* Data section *
::::
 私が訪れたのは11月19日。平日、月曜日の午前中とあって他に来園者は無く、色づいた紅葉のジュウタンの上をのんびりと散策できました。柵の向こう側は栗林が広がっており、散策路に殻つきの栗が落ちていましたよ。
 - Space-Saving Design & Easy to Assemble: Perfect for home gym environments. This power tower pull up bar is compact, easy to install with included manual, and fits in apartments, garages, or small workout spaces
::::
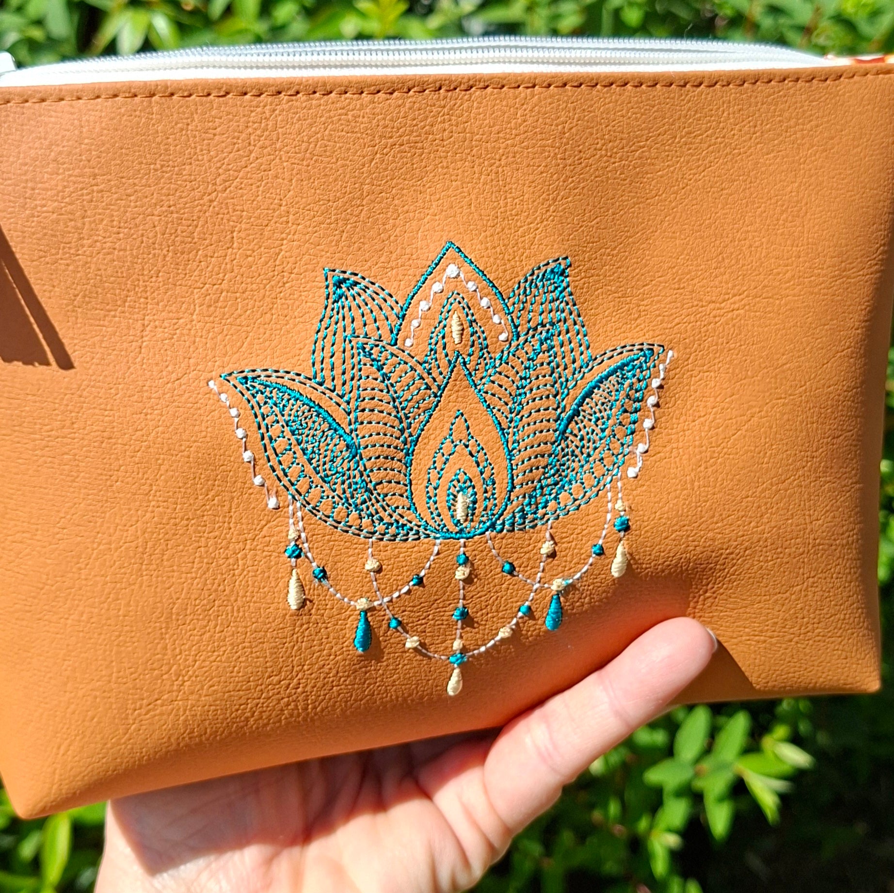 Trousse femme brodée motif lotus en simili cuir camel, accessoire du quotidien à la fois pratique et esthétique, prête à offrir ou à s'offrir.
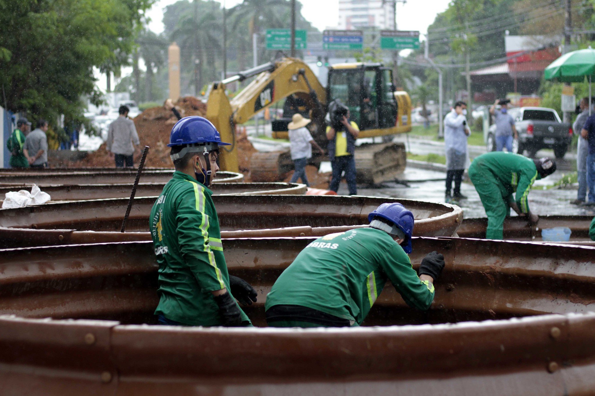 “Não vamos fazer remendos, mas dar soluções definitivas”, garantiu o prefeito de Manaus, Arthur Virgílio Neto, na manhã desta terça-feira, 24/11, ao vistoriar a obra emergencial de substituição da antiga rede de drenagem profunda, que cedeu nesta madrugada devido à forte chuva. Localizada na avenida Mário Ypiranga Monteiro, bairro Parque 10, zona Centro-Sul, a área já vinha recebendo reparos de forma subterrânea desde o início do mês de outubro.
::::
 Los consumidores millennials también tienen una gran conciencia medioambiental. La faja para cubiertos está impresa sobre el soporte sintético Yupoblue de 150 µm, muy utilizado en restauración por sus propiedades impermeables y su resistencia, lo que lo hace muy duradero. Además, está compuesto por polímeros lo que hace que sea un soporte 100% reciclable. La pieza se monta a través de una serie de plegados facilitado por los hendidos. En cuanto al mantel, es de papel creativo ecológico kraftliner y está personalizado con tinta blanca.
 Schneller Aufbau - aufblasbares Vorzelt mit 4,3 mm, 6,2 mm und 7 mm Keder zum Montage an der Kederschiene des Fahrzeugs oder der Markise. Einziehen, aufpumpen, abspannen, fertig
::::
* What is required *
Reproduce, word for word and in full, only the lines above that start at the line with "Los consumidores millennials" and run through the line with "Schneller Aufbau - aufblasbares", both ends included.

* Written response *
 Los consumidores millennials también tienen una gran conciencia medioambiental. La faja para cubiertos está impresa sobre el soporte sintético Yupoblue de 150 µm, muy utilizado en restauración por sus propiedades impermeables y su resistencia, lo que lo hace muy duradero. Además, está compuesto por polímeros lo que hace que sea un soporte 100% reciclable. La pieza se monta a través de una serie de plegados facilitado por los hendidos. En cuanto al mantel, es de papel creativo ecológico kraftliner y está personalizado con tinta blanca.
 Schneller Aufbau - aufblasbares Vorzelt mit 4,3 mm, 6,2 mm und 7 mm Keder zum Montage an der Kederschiene des Fahrzeugs oder der Markise. Einziehen, aufpumpen, abspannen, fertig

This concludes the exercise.